• **Supplied information**:
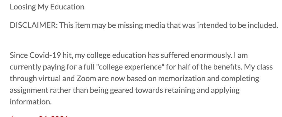 Since Covid-19 hit, my college education has suffered enormously. I am currently paying for a full "college experience" for half of the benefits. My class through virtual and Zoom are now based on memorization and completing assignment rather than being geared towards retaining and applying information.
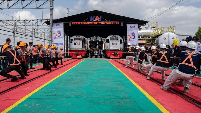 Yogyakarta - Ada lomba unik di Yogja hari ini. Bukan tarik tambang biasa, tapi tarik tambang 'melawan' lokomotif. Tak main-main, berat lokomotif yang ditarik mencapai 80 ton
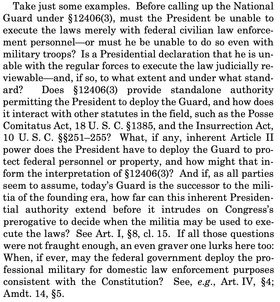 Despite Alito’s claims about party presentation, it should be noted that the “regular forces” question was considered by U.S. District Judge April Perry in her opinion granting the order blocking the National Guard federalization and deployment in Illinois, and DOJ was seeking an order from the Supreme Court staying that order.
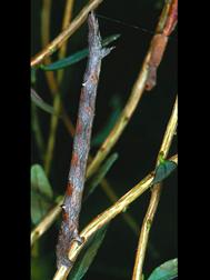 Adulte : envergure des ailes de 22,0 à 30,0 mm; les ailes antérieures et postérieures sont gris clair et présentent une ligne postmédiane foncée très sinueuse et adjacente à une bande brun roux; une tache brun foncé avec un centre gris pâle est visible au milieu des ailes antérieures; la marge des ailes présente une ligne formant des demi-cercles. Iridopsis ephyraria s'attaque occasionnellement aux plants de canneberge. Elle est toutefois considérée comme étant un ravageur mineur dans cette culture. L'arpenteuse à taches produit une génération par année. Cette espèce hiberne au stade d'oeuf. Les larves sont actives de juin à juillet. Les adultes sont actifs de juillet à août. Jeune larve sur une tige de canneberge (tête à gauche) ...
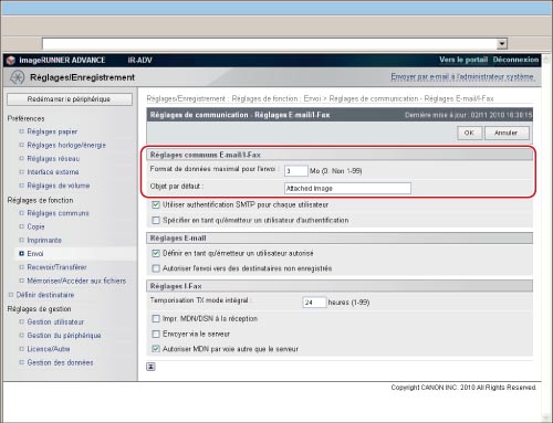 → [Réglages de fonction] → [Envoi] → [Réglages E-mail/I-Fax] → [Réglages de communication].La fonction I-fax des machines imageRUNNER ADVANCE utilise le protocole SMTP pour la transmission.
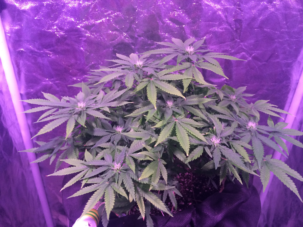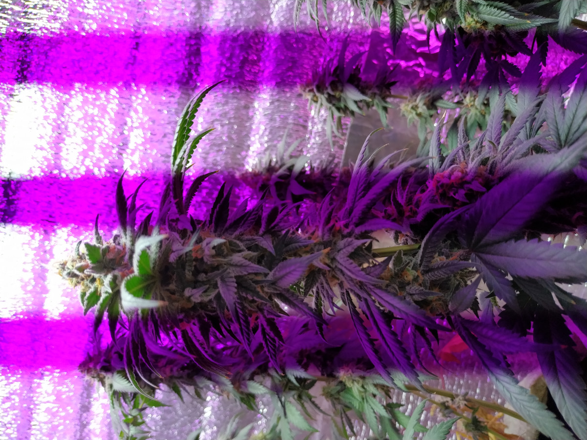 Очень сильно может терпеть все! Две недели цвета на фото. Резал листву каждый день, а он не огермился, разве что тормознул в росте, но надо было вегу ещё подержать пару недель, чтобы оклемался. Гроубег 10л, земля - вторичный биобизз алл микс, свет - днат 150+250, 20w биколор. Кормлю ГХЕ трехкомпонентной обычной. Потенциал прекрасный, дать на куст хотяб 120ватт квантум брида и удобры, например адвансы или плантаторс- будет здоровенная мощная индика со стеблем как у наших чёрных братьев))) снять 3г/ватт будет Вполне реально! Семяныч как всегда радует интересными релизами! Да, бокс 60х60
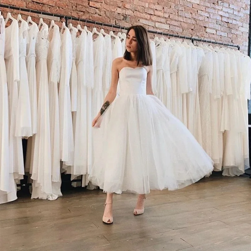 Простое свадебное платье длиной до середины икры, Пляжное свадебное...
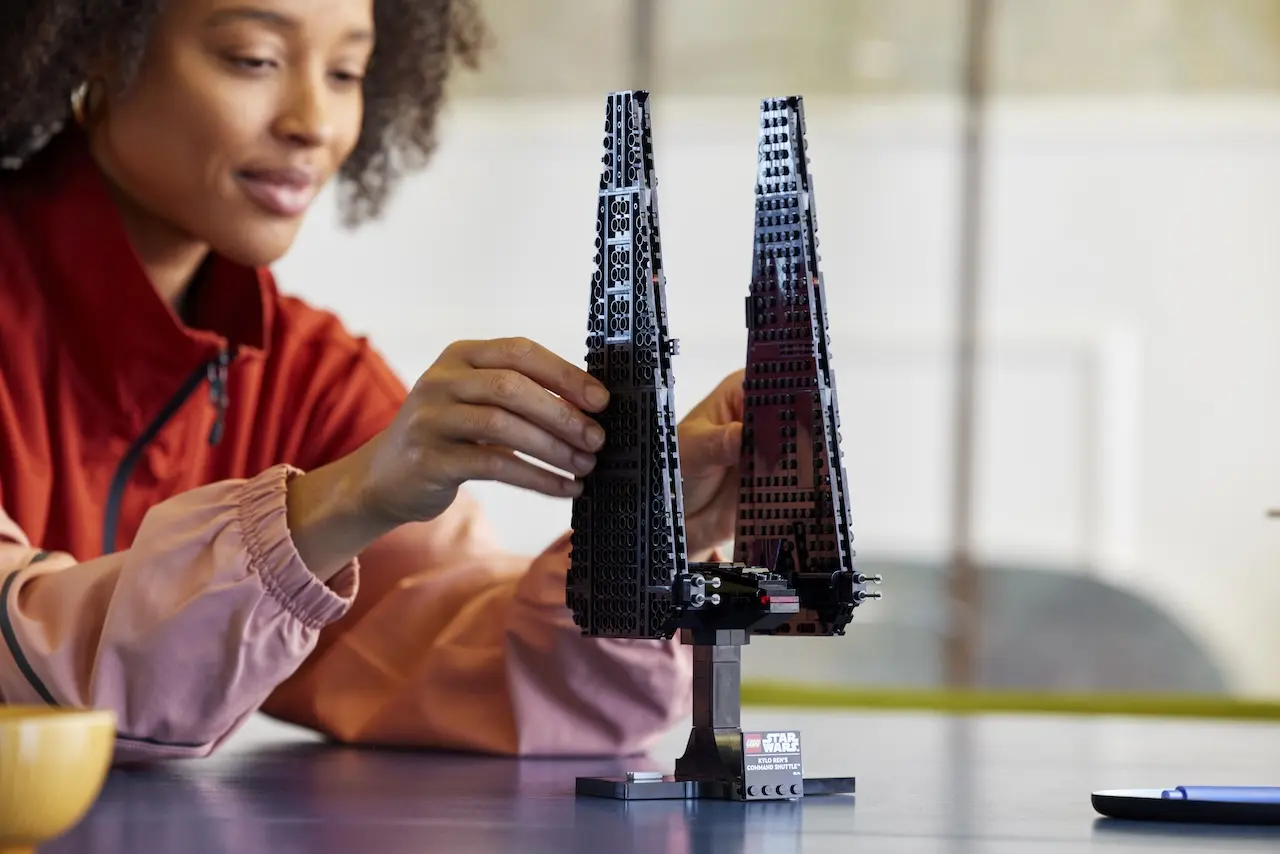 Justo a tiempo para el 10º aniversario de Star Wars: El Despertar de la Fuerza, el set de construcción LEGO Star Wars Kylo Ren’s Command Shuttle es la nueva incorporación a la Colección de Naves Estelares. El set incluye un elegante soporte con una placa de identificación e información sobre la nave, por lo que es perfecto para exponerlo.
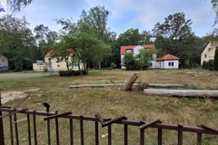 Teren położony w śród drzew jednocześnie blisko centrum handlowo usługowego miasta, szkół i przedszkoli
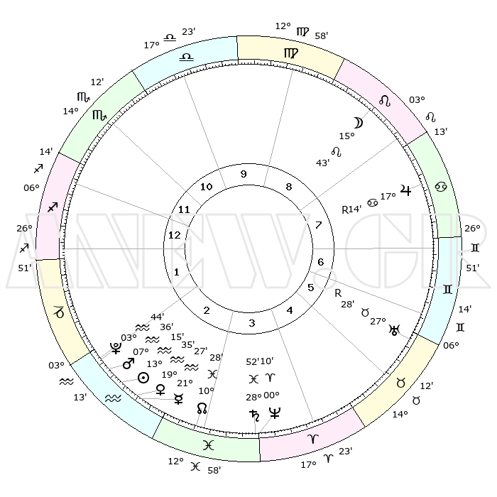 | | ΘΕΣΕΙΣ ΠΛΑΝΗΤΩΝ ΑΣΤΡΟΛΟΓΙΚΟΥ ΧΑΡΤΗ ΤΗΣ ΣΤΙΓΜΗΣ ΑΥΤΗΣ | | | | Πλανήτης | Ζώδιο | Μοίρες | Δεκαήμ. | Σε οίκο | Απόκλιση | | Ακμές των οίκων | | Ηλιος | Υδροχόος | 13°11' | Δεύτερο | 2 | 16 S 51 | | 1ος | 05°29' | Τοξότης | | Σελήνη | Λέων | 14°44' | Δεύτερο | 9 | 18 N 28 | | 2ος | 07°26' | Αιγόκερως | | Ερμής | Υδροχόος | 21°20' | Τρίτο | 3 | 16 S 06 | | 3ος | 14°04' | Υδροχόος | | Αφροδίτη | Υδροχόος | 19°30' | Δεύτερο | 3 | 16 S 17 | | 4ος | 20°09' | Ιχθείς | | Αρης | Υδροχόος | 07°33' | Πρώτο | 2 | 19 S 23 | | 5ος | 20°27' | Κριός | | Δίας | Καρκίνος | 17°14'R | Δεύτερο | 8 | 22 N 38 | | 6ος | 14°46' | Ταύρος | | Κρόνος | Ιχθείς | 28°52' | Τρίτο | 4 | 02 S 27 | | 7ος | 05°29' | Δίδυμοι | | Ουρανός | Ταύρος | 27°28'R | Τρίτο | 6 | 19 N 24 | | 8ος | 07°26' | Καρκίνος | | Ποσειδώνας | Κριός | 00°10' | Πρώτο | 4 | 01 S 08 | | 9ος | 14°04' | Λέων | | Πλούτωνας | Υδροχόος | 03°44' | Πρώτο | 2 | 23 S 01 | | 10ος | 20°09' | Παρθένος | | Β. Δεσμός | Ιχθείς | 10°28' | Δεύτερο | 3 | 07 S 38 | | 11ος | 20°27' | Ζυγός | | Ωροσκόπος | Τοξότης | 05°29' | Πρώτο | | | 12ος | 14°46' | Σκορπιός | | Μεσουράνημα | Παρθένος | 20°09' | Τρίτο | | | |
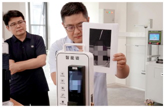 近日,北京市消费者协会开展比较试验评测场景互动活动,邀请消费者和媒体代表走进实验室,“沉浸式”体验家电、日化、纺织品的测试流程。图为工作人员正在对智能门锁的安全性开展测试。 本报记者 张雪泓 摄
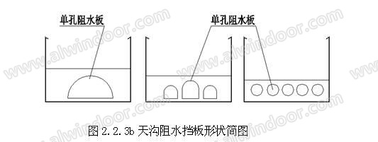 阻水板的形式可以為篩孔式、橋式、板式等。阻水板的高度一般可在天溝側(cè)立板高度的1/2至1/3(如圖2.2.3b)。
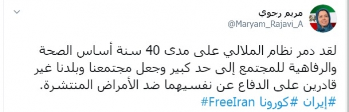 وكتبت عبر تغريدة لها على "تويتر" رصدها " المشهد العربي": "لقد دمر نظام الملالي على مدى 40 سنة أساس الصحة والرفاهية للمجتمع إلى حد كبير وجعل مجتمعنا وبلدنا غير قادرين على الدفاع عن نفسيهما ضد الأمراض المنتشرة".
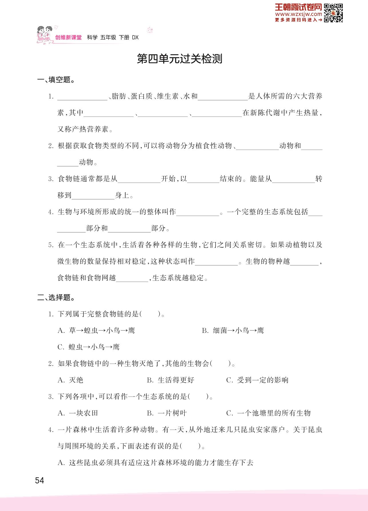 五年级科学大象版下册单元卷

• **Exercise details**: Restate the material above word for word, dropping the pictures.

• **Output of the exercise**:
 Since Covid-19 hit, my college education has suffered enormously. I am currently paying for a full "college experience" for half of the benefits. My class through virtual and Zoom are now based on memorization and completing assignment rather than being geared towards retaining and applying information.
 Yogyakarta - Ada lomba unik di Yogja hari ini. Bukan tarik tambang biasa, tapi tarik tambang 'melawan' lokomotif. Tak main-main, berat lokomotif yang ditarik mencapai 80 ton
 Despite Alito’s claims about party presentation, it should be noted that the “regular forces” question was considered by U.S. District Judge April Perry in her opinion granting the order blocking the National Guard federalization and deployment in Illinois, and DOJ was seeking an order from the Supreme Court staying that order.
 Adulte : envergure des ailes de 22,0 à 30,0 mm; les ailes antérieures et postérieures sont gris clair et présentent une ligne postmédiane foncée très sinueuse et adjacente à une bande brun roux; une tache brun foncé avec un centre gris pâle est visible au milieu des ailes antérieures; la marge des ailes présente une ligne formant des demi-cercles. Iridopsis ephyraria s'attaque occasionnellement aux plants de canneberge. Elle est toutefois considérée comme étant un ravageur mineur dans cette culture. L'arpenteuse à taches produit une génération par année. Cette espèce hiberne au stade d'oeuf. Les larves sont actives de juin à juillet. Les adultes sont actifs de juillet à août. Jeune larve sur une tige de canneberge (tête à gauche) ...
 → [Réglages de fonction] → [Envoi] → [Réglages E-mail/I-Fax] → [Réglages de communication].La fonction I-fax des machines imageRUNNER ADVANCE utilise le protocole SMTP pour la transmission.
 Очень сильно может терпеть все! Две недели цвета на фото. Резал листву каждый день, а он не огермился, разве что тормознул в росте, но надо было вегу ещё подержать пару недель, чтобы оклемался. Гроубег 10л, земля - вторичный биобизз алл микс, свет - днат 150+250, 20w биколор. Кормлю ГХЕ трехкомпонентной обычной. Потенциал прекрасный, дать на куст хотяб 120ватт квантум брида и удобры, например адвансы или плантаторс- будет здоровенная мощная индика со стеблем как у наших чёрных братьев))) снять 3г/ватт будет Вполне реально! Семяныч как всегда радует интересными релизами! Да, бокс 60х60
 Простое свадебное платье длиной до середины икры, Пляжное свадебное...
 Justo a tiempo para el 10º aniversario de Star Wars: El Despertar de la Fuerza, el set de construcción LEGO Star Wars Kylo Ren’s Command Shuttle es la nueva incorporación a la Colección de Naves Estelares. El set incluye un elegante soporte con una placa de identificación e información sobre la nave, por lo que es perfecto para exponerlo.
 Teren położony w śród drzew jednocześnie blisko centrum handlowo usługowego miasta, szkół i przedszkoli
 | | ΘΕΣΕΙΣ ΠΛΑΝΗΤΩΝ ΑΣΤΡΟΛΟΓΙΚΟΥ ΧΑΡΤΗ ΤΗΣ ΣΤΙΓΜΗΣ ΑΥΤΗΣ | | | | Πλανήτης | Ζώδιο | Μοίρες | Δεκαήμ. | Σε οίκο | Απόκλιση | | Ακμές των οίκων | | Ηλιος | Υδροχόος | 13°11' | Δεύτερο | 2 | 16 S 51 | | 1ος | 05°29' | Τοξότης | | Σελήνη | Λέων | 14°44' | Δεύτερο | 9 | 18 N 28 | | 2ος | 07°26' | Αιγόκερως | | Ερμής | Υδροχόος | 21°20' | Τρίτο | 3 | 16 S 06 | | 3ος | 14°04' | Υδροχόος | | Αφροδίτη | Υδροχόος | 19°30' | Δεύτερο | 3 | 16 S 17 | | 4ος | 20°09' | Ιχθείς | | Αρης | Υδροχόος | 07°33' | Πρώτο | 2 | 19 S 23 | | 5ος | 20°27' | Κριός | | Δίας | Καρκίνος | 17°14'R | Δεύτερο | 8 | 22 N 38 | | 6ος | 14°46' | Ταύρος | | Κρόνος | Ιχθείς | 28°52' | Τρίτο | 4 | 02 S 27 | | 7ος | 05°29' | Δίδυμοι | | Ουρανός | Ταύρος | 27°28'R | Τρίτο | 6 | 19 N 24 | | 8ος | 07°26' | Καρκίνος | | Ποσειδώνας | Κριός | 00°10' | Πρώτο | 4 | 01 S 08 | | 9ος | 14°04' | Λέων | | Πλούτωνας | Υδροχόος | 03°44' | Πρώτο | 2 | 23 S 01 | | 10ος | 20°09' | Παρθένος | | Β. Δεσμός | Ιχθείς | 10°28' | Δεύτερο | 3 | 07 S 38 | | 11ος | 20°27' | Ζυγός | | Ωροσκόπος | Τοξότης | 05°29' | Πρώτο | | | 12ος | 14°46' | Σκορπιός | | Μεσουράνημα | Παρθένος | 20°09' | Τρίτο | | | |
 近日,北京市消费者协会开展比较试验评测场景互动活动,邀请消费者和媒体代表走进实验室,“沉浸式”体验家电、日化、纺织品的测试流程。图为工作人员正在对智能门锁的安全性开展测试。 本报记者 张雪泓 摄
 阻水板的形式可以為篩孔式、橋式、板式等。阻水板的高度一般可在天溝側(cè)立板高度的1/2至1/3(如圖2.2.3b)。
 وكتبت عبر تغريدة لها على "تويتر" رصدها " المشهد العربي": "لقد دمر نظام الملالي على مدى 40 سنة أساس الصحة والرفاهية للمجتمع إلى حد كبير وجعل مجتمعنا وبلدنا غير قادرين على الدفاع عن نفسيهما ضد الأمراض المنتشرة".
 五年级科学大象版下册单元卷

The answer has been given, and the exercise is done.